3. McCarty, C., Chisholm, R., et al. (2010). The eMERGE Network: a consortium of biorepositories linked to electronic medical records data for conducting genomic studies. BMC Genomics, 4(1): 13. http://www.biomedcentral.com/1755-8794/4/13.

4. Rea, S., Pathak, J., et al. (2012). Building a robust, scalable and standards-driven infrastructure for secondary use of EHR data: The SHARPn project. Journal of Biomedical Informatics, 45: 763-771.

5. Nadkarni, P., Ohno-Machado, L., et al. (2011). Natural language processing: an introduction. Journal of the American Medical Informatics Association, 18: 544-551.

6. Rosenbloom, S., Denny, J., et al. (2011). Data from clinical notes: a perspective on the tension between structure and flexible documentation. Journal of the American Medical Informatics Association, 18: 181-186.

7. Toll, E. (2012). The cost of technology. Journal of the American Medical Association, 307: 2497-2498.

8. Parsons, A., McCullough, C., et al. (2012). Validity of electronic health record-derived quality measurement for performance monitoring. Journal of the American Medical Informatics Association, 19: 604-609.

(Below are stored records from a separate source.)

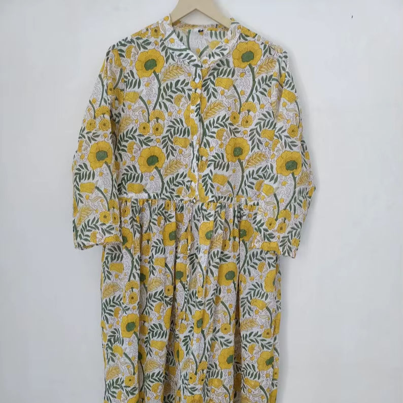 Summer Bohemian Long Dress Pure Cotton Hand Block Printed Indian Style Handmade Ethical Fashion Casual Daywear Gift
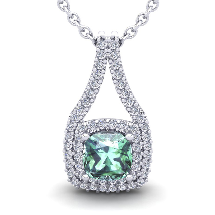 1 Carat Cushion Cut Green Amethyst and Double Halo Diamond Necklace In 14 Karat White Gold, 18 Inches
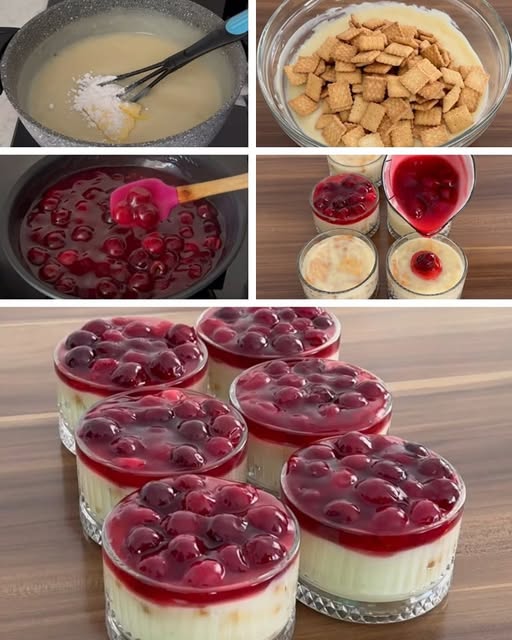 Dok se krema hladi, paralelno se može pripremiti voćni sloj. U srednjoj šerpi se pomiješaju višnje, šećer i voda. Mješavina se zagrijava na srednjoj vatri, a čim proključa, dodaje se kukuruzni škrob razmućen u malo hladne vode (ako je moguće, kako bi se izbjegle grudvice). Smjesa se kuha još nekoliko minuta dok ne postane blago želatinasta, što je znak da je spremna za posluživanje. Ovaj sloj ima osvježavajući, blago kiselkast ton koji savršeno balansira slatkoću kreme i keksa.
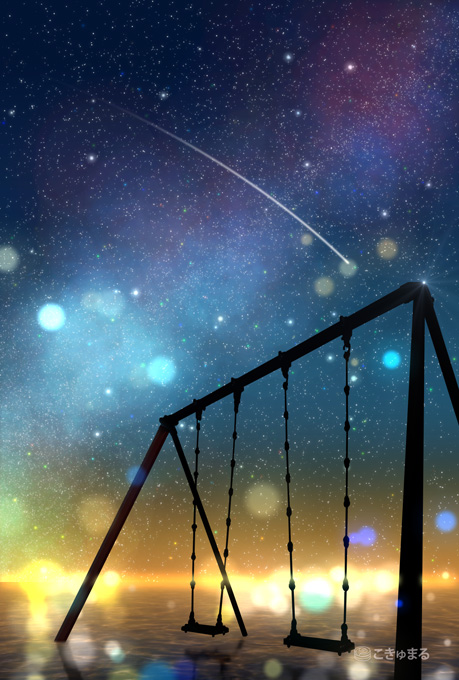 夕暮れの星空とブランコ。 #イラスト #ファンタジー #ノスタルジー #星空 #星景 #キリトリセカイ #キリトリ世界 #デジタルアート #illustration #digitalart #photograghy
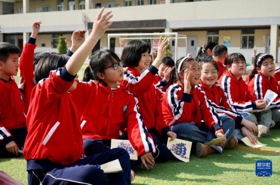3月31日,徐州市漢橋小學(xué)的學(xué)生在鐵路安全知識(shí)講解中舉手回答互動(dòng)問題。
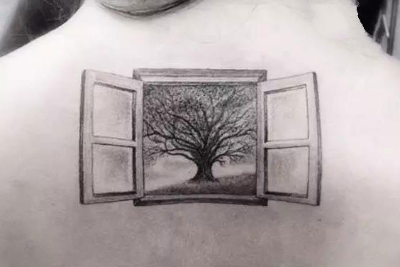 打开的几何窗户外面是一棵茂盛的大树,正植在你的背后,带有顽强的生命力,富有美好的寓意。
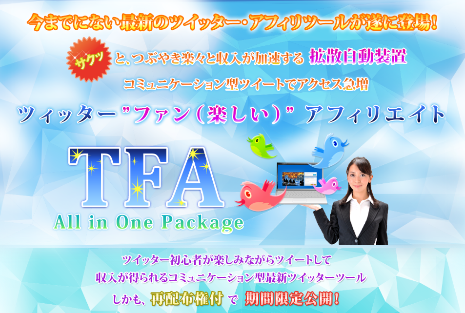 | 正式名称 | ツイッターファンアフィリエイト〜TFA〜【再配布権付】 |
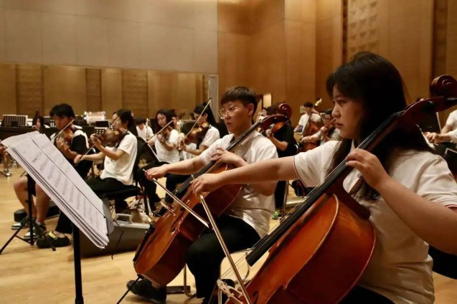这支85人的乐团,分为弦乐组、管乐组等不同小组,此次邻居节惠济站,派出了流行乐曲组,《大鱼海棠》《天空之城》《狮子王》《蝶恋》《青春舞曲》《克罗地亚狂想曲》《我的祖国》等耳熟能详的曲目满足各个年龄层观众的需求。
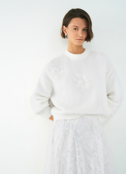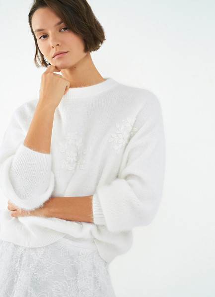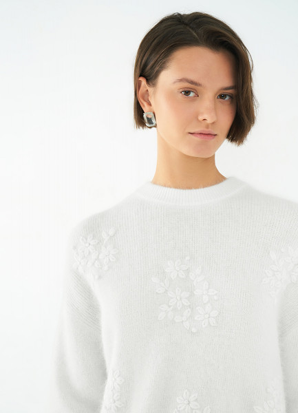 Джемпер из пушистой пряжи с коротким рукавом, Розовый

William Hersh, MD is Professor and Chair of the Department of Medical Informatics & Clinical Epidemiology at Oregon Health & Science University in Portland, OR. He is a well-known leader and innovator in biomedical and health informatics. In the last couple years, he has played a leadership role in the ONC Workforce Development Program. He was also the originator of the 10×10 (“ten by ten”) course in partnership with AMIA. Dr Hersh maintains the Informatics Professor blog.

16 replies »

  1. At Sydney Escorts, we have got a wide range of mature and intelligent escorts who have got the best training in adult entertainment. This is enough proof that the escorts have got the best skills to ensure that you are having the best moments at any time that you have them as your travel companions. However, one thing that you have to bear in mind is that all the escort services Sydney that are offered by these beauties are aimed at the high end market.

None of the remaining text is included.